■ DIRECTIONS FOR THIS TASK ■
In the listing below, locate the line with "Welcome to a" and the line with "Running along the", then output both and everything between them exactly, minus any pictures.

....

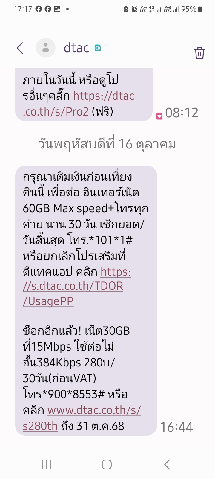 สอบถามDTAC ตามSMS ต้งเติมเงินขั้นต่ำเท่าไหร่
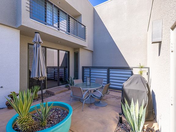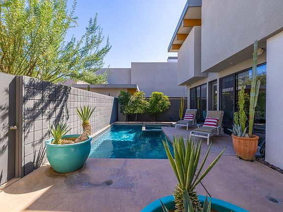 Welcome to a modern oasis in one of Palm Springs' premier gated communities! Enjoy soaring ceilings in the great room, a stylish kitchen, and a serene enclosed courtyard with a private heated pool and spa. The second floor features a Master Suite with a balcony and a Loft/Den.
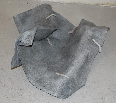 Above ↑ we see a testpiece, Birke Gorm worked 4 days on it. During the course Birke got faster. She sculpted plaster cast forms for the worm-doodles, then she cast them in cement as models, then she sculpted doodles out of stone. During the work her left hand ring finger got numb and fell alseep from the hammer vibrations. The + and the - in the title "+/- Or To See If A Pen Works" refer to the positive and negative forms of doodles in the making.
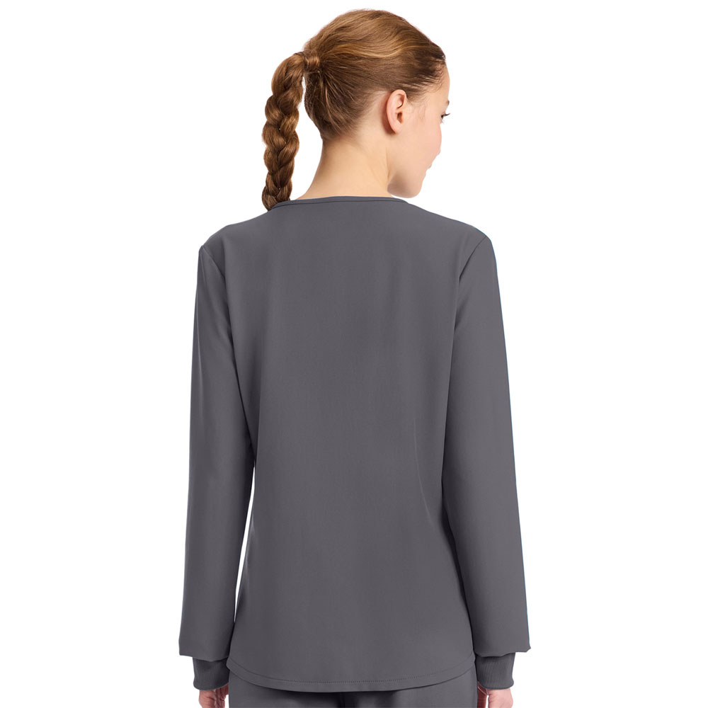 Take cover in an essential top that'll keep you comfy all day. With soft-knit cuffs, odor-fighting PROTX2 and handy front pockets, this versatile fave can be layered under scrubs or worn solo. A breathable v-neck makes it an anytime wardrobe winner.
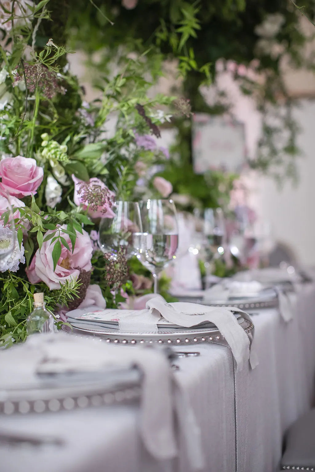 Running along the centre of the top table was a meadow of gorgeous secret garden roses, peonies, spray rose, astrantia and trailing jasmine...
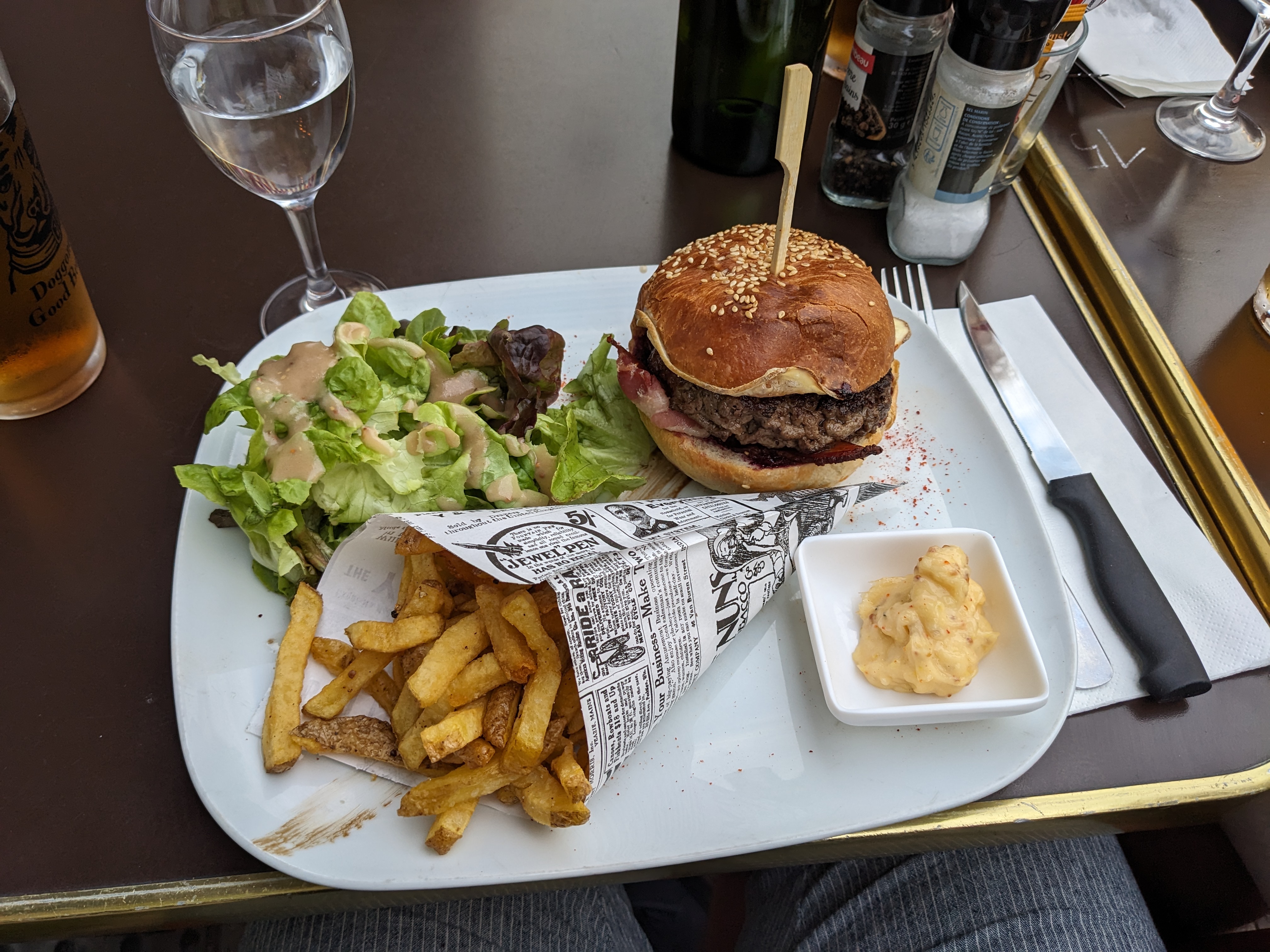 ce n’est plus ce que c’était . Un des serveurs est plutôt désagréable. peu de place pour circuler; clairement vous le gênez et vous le sentez bien; si par malheur vous croisez son chemin. Sa cadence et son manque de courtoisie lui font vous porter, en dehors de sa route; une ignorance la plus totale. Quand à la nourriture ce n’est plus à la hauteur de ce que c’était J’étais venus ici il y a un an environs; le burger était très bien . Quel n’a pas été ma surprise de voir arriver en guise de steak haché; un reste de bœuf bourguignon en effiloché gorgé d’eau . Je tiens a dire que c’était précisé sur la carte. je n’ai pas porté mon attention là dessus cela me paraissait tellement invraisemblable.. Entre le service et la déclinaison de la cuisine; je pense qu’on peu trouver mieux sur bordeaux.
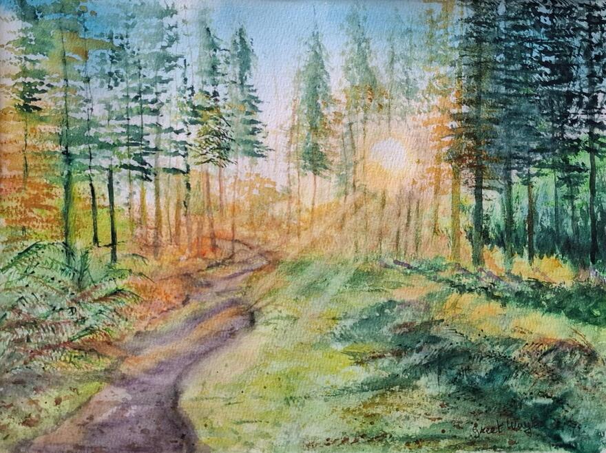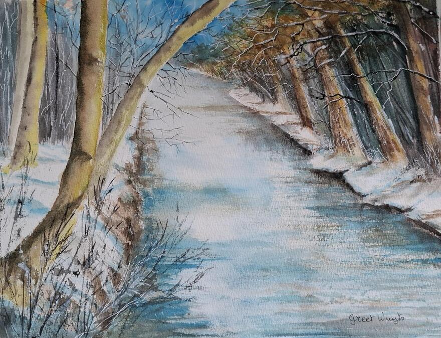 Ik werk meestal in aquarel, en vooral in de zomer ga ik op stap met mijn schilder ezel. Ik zoek een mooi plekje geniet dan van de natuur en van het schilderen. Voor portret gebruik ik gewoonlijk houtskool, grafiet en pastel .
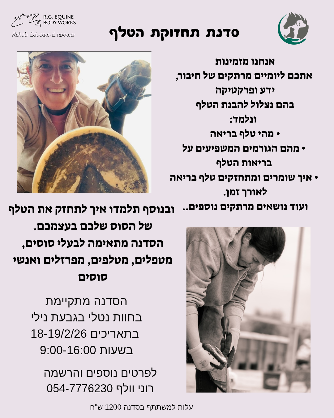 בסדנה נלמד לזהות טלף בריא, להבין את הגורמים המשפיעים על מצבו, ולרכוש כלים לתחזוקה נכונה לאורך זמן, מתוך הקשבה לגוף הסוס ולצרכיו.
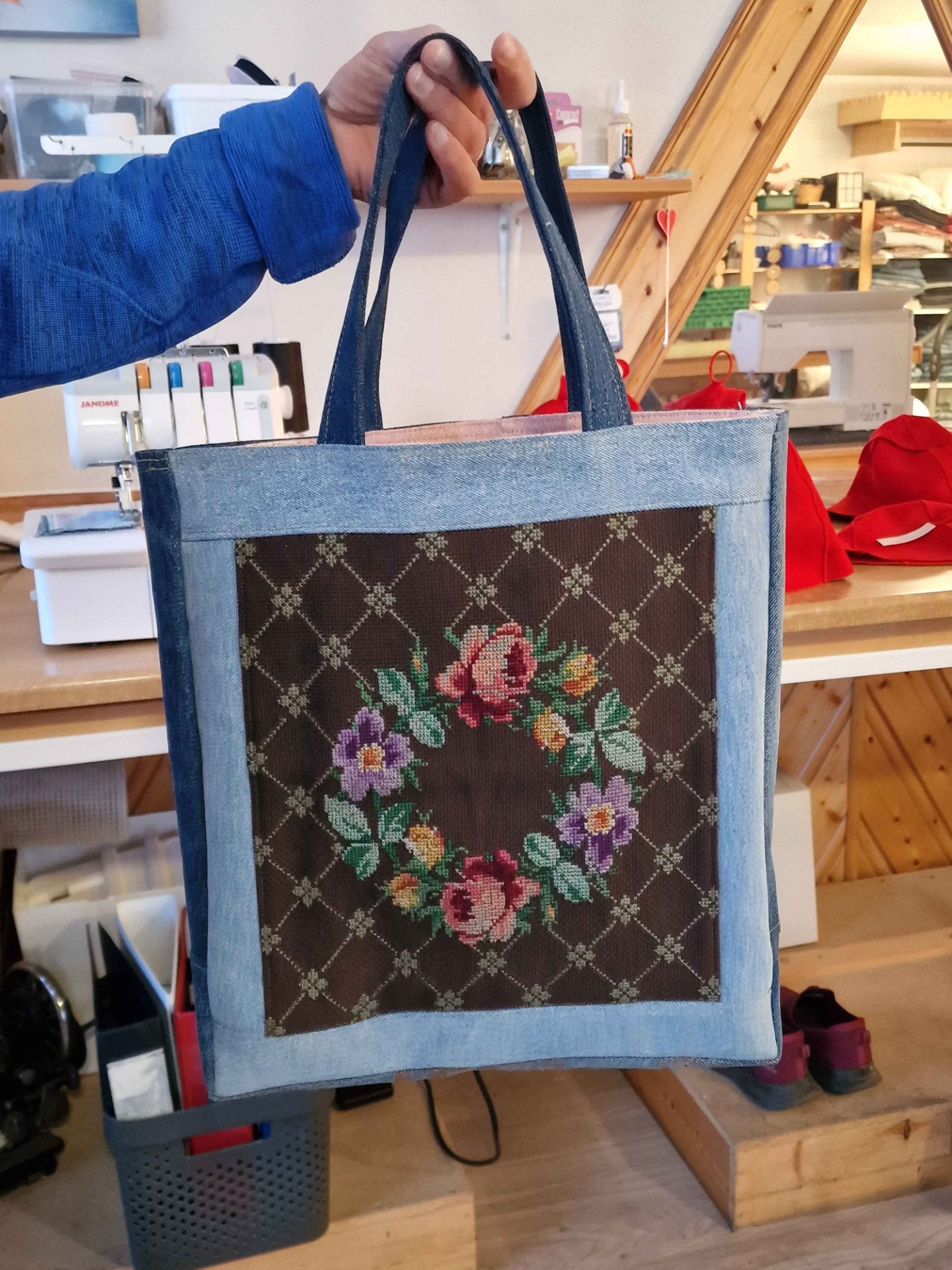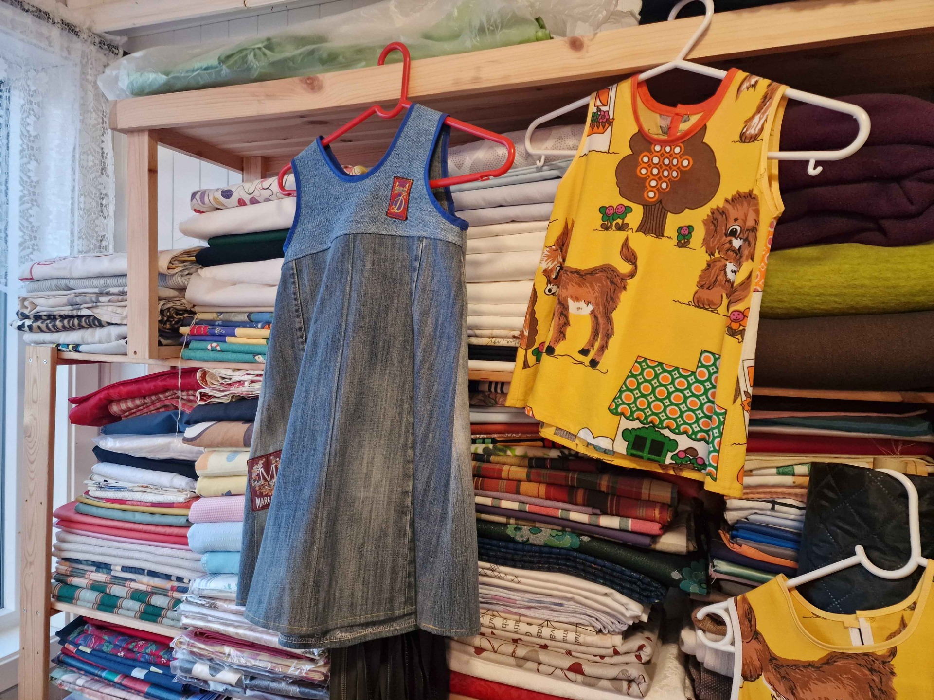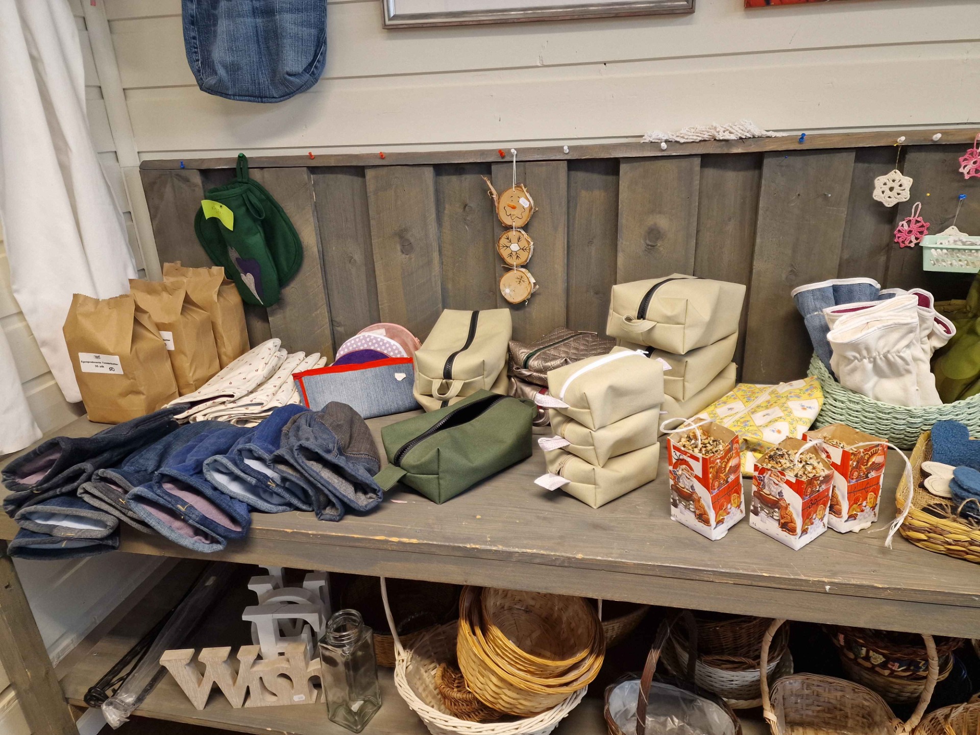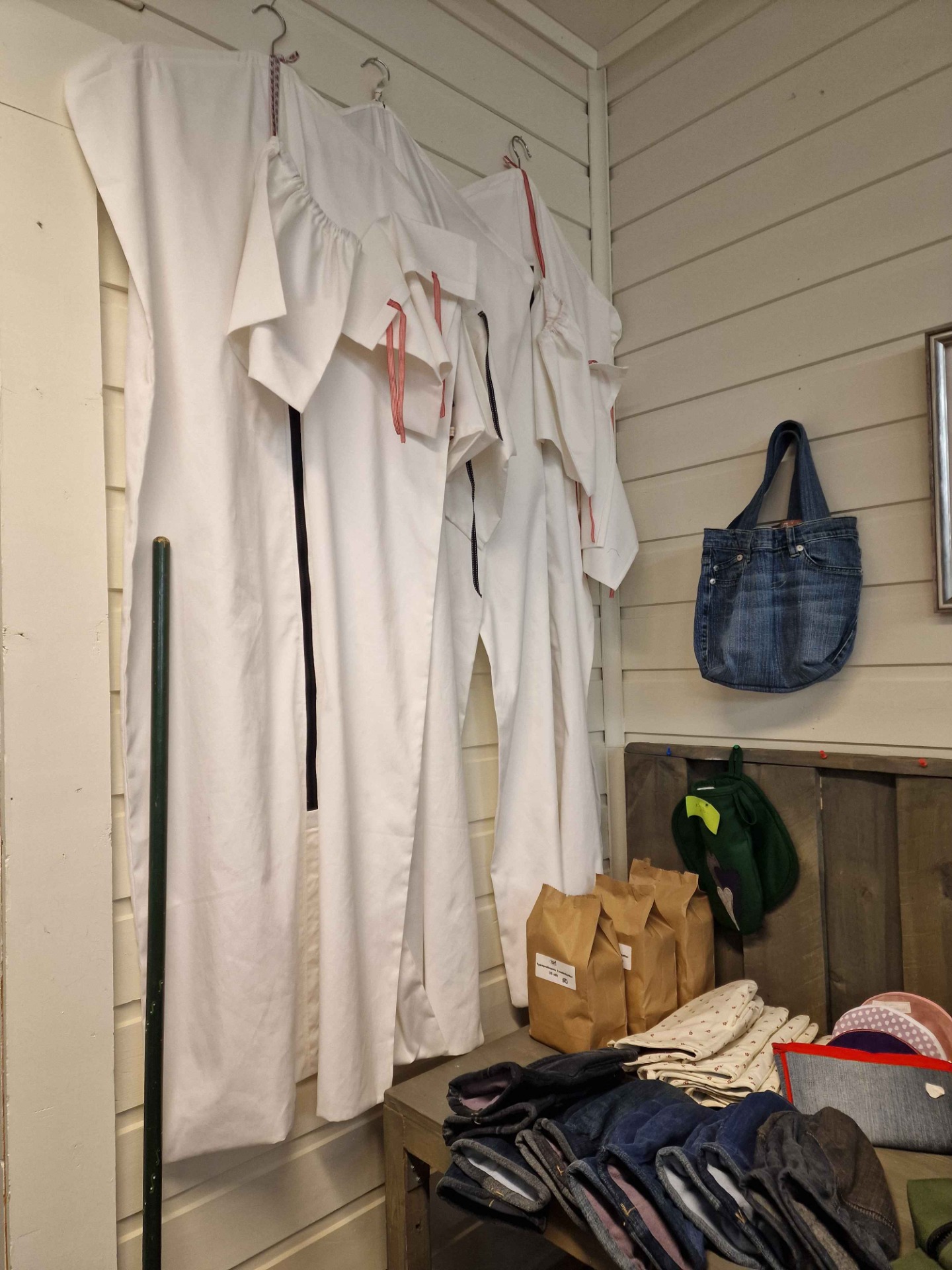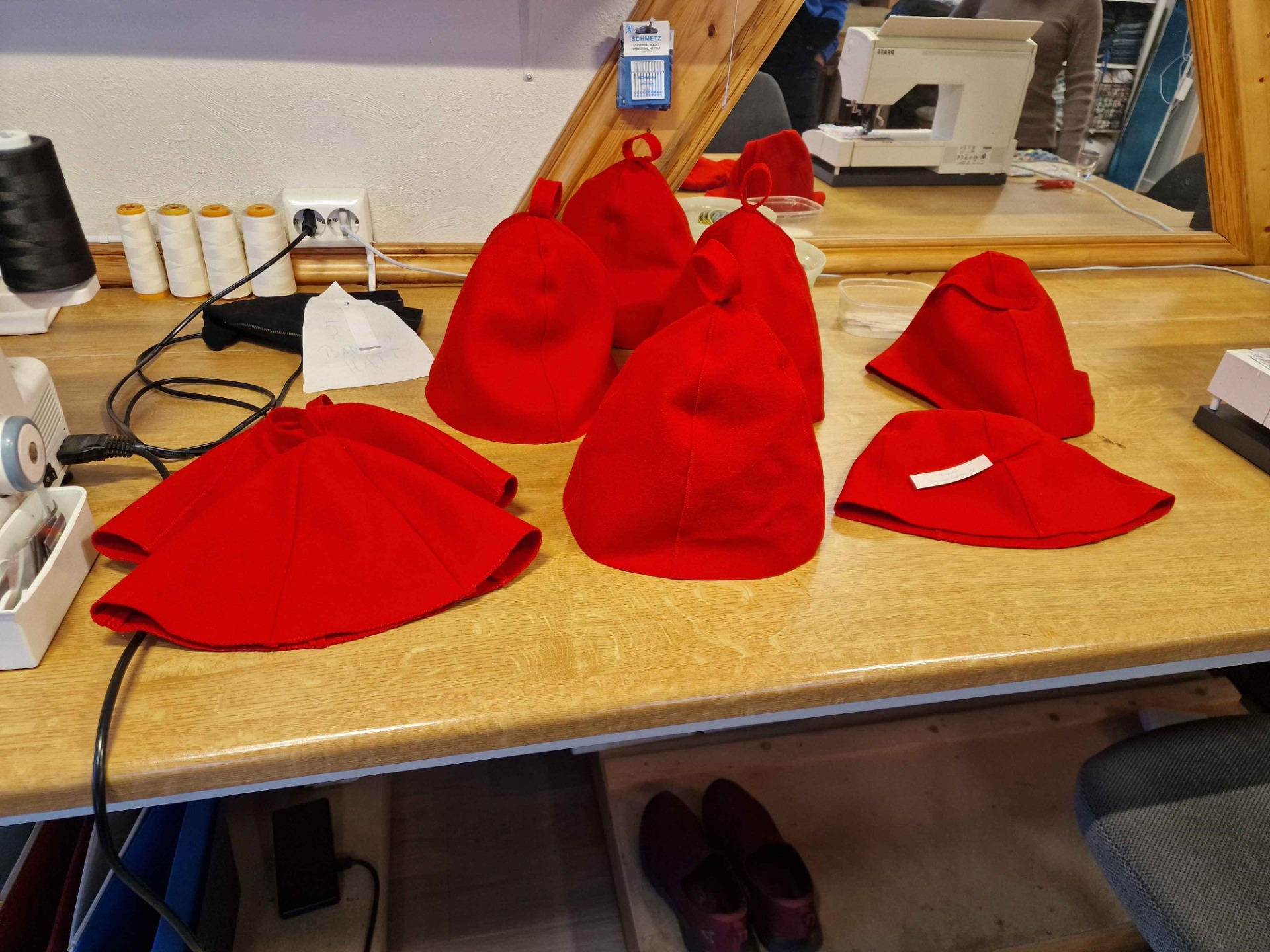 På systua vår produserer vi ulike produkter av tekstil. Vi syr bunadsposer, toalettmapper, grytekluter og badstuhatter.

....

■ EXERCISE RESPONSE ■
 Welcome to a modern oasis in one of Palm Springs' premier gated communities! Enjoy soaring ceilings in the great room, a stylish kitchen, and a serene enclosed courtyard with a private heated pool and spa. The second floor features a Master Suite with a balcony and a Loft/Den.
 Above ↑ we see a testpiece, Birke Gorm worked 4 days on it. During the course Birke got faster. She sculpted plaster cast forms for the worm-doodles, then she cast them in cement as models, then she sculpted doodles out of stone. During the work her left hand ring finger got numb and fell alseep from the hammer vibrations. The + and the - in the title "+/- Or To See If A Pen Works" refer to the positive and negative forms of doodles in the making.
 Take cover in an essential top that'll keep you comfy all day. With soft-knit cuffs, odor-fighting PROTX2 and handy front pockets, this versatile fave can be layered under scrubs or worn solo. A breathable v-neck makes it an anytime wardrobe winner.
 Running along the centre of the top table was a meadow of gorgeous secret garden roses, peonies, spray rose, astrantia and trailing jasmine...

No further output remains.